◆ REQUIRED WORK ◆
Everything from the line that contains "Makeup Artist Holding" through the last line below should be transcribed exactly, except the pictures.

◆ MATERIAL PROVIDED ◆
====

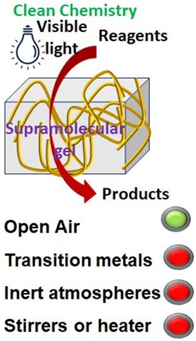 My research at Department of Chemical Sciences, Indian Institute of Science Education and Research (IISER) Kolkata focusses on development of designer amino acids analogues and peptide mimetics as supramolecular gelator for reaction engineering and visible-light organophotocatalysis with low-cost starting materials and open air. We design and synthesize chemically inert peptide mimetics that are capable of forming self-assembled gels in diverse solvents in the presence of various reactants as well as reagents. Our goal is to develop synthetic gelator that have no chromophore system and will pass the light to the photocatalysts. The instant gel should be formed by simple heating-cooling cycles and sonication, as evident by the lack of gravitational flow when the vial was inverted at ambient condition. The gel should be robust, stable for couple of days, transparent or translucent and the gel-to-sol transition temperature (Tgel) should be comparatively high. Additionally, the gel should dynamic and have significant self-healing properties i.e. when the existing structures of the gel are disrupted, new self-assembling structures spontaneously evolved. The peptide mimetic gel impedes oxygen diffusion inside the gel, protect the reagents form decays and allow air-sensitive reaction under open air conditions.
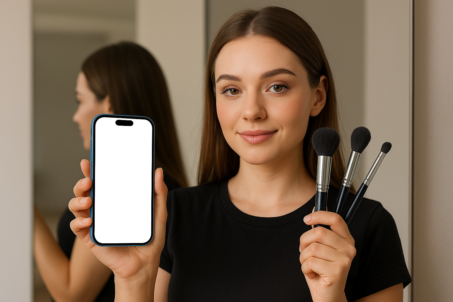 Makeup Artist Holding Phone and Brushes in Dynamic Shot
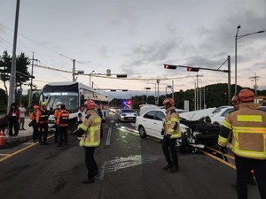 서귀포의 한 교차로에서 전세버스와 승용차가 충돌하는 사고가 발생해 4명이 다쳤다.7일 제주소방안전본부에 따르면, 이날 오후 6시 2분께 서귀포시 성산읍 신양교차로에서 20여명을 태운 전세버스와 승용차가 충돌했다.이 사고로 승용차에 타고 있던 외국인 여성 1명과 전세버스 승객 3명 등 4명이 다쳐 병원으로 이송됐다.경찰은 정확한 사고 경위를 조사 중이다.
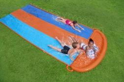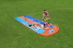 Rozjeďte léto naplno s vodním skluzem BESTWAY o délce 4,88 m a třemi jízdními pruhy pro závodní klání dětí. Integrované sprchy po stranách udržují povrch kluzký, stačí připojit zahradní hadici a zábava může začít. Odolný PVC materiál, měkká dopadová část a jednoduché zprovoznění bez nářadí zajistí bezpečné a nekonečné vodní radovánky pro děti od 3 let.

====

◆ ANSWER TO THE EXERCISE ◆
 Makeup Artist Holding Phone and Brushes in Dynamic Shot
 서귀포의 한 교차로에서 전세버스와 승용차가 충돌하는 사고가 발생해 4명이 다쳤다.7일 제주소방안전본부에 따르면, 이날 오후 6시 2분께 서귀포시 성산읍 신양교차로에서 20여명을 태운 전세버스와 승용차가 충돌했다.이 사고로 승용차에 타고 있던 외국인 여성 1명과 전세버스 승객 3명 등 4명이 다쳐 병원으로 이송됐다.경찰은 정확한 사고 경위를 조사 중이다.
 Rozjeďte léto naplno s vodním skluzem BESTWAY o délce 4,88 m a třemi jízdními pruhy pro závodní klání dětí. Integrované sprchy po stranách udržují povrch kluzký, stačí připojit zahradní hadici a zábava může začít. Odolný PVC materiál, měkká dopadová část a jednoduché zprovoznění bez nářadí zajistí bezpečné a nekonečné vodní radovánky pro děti od 3 let.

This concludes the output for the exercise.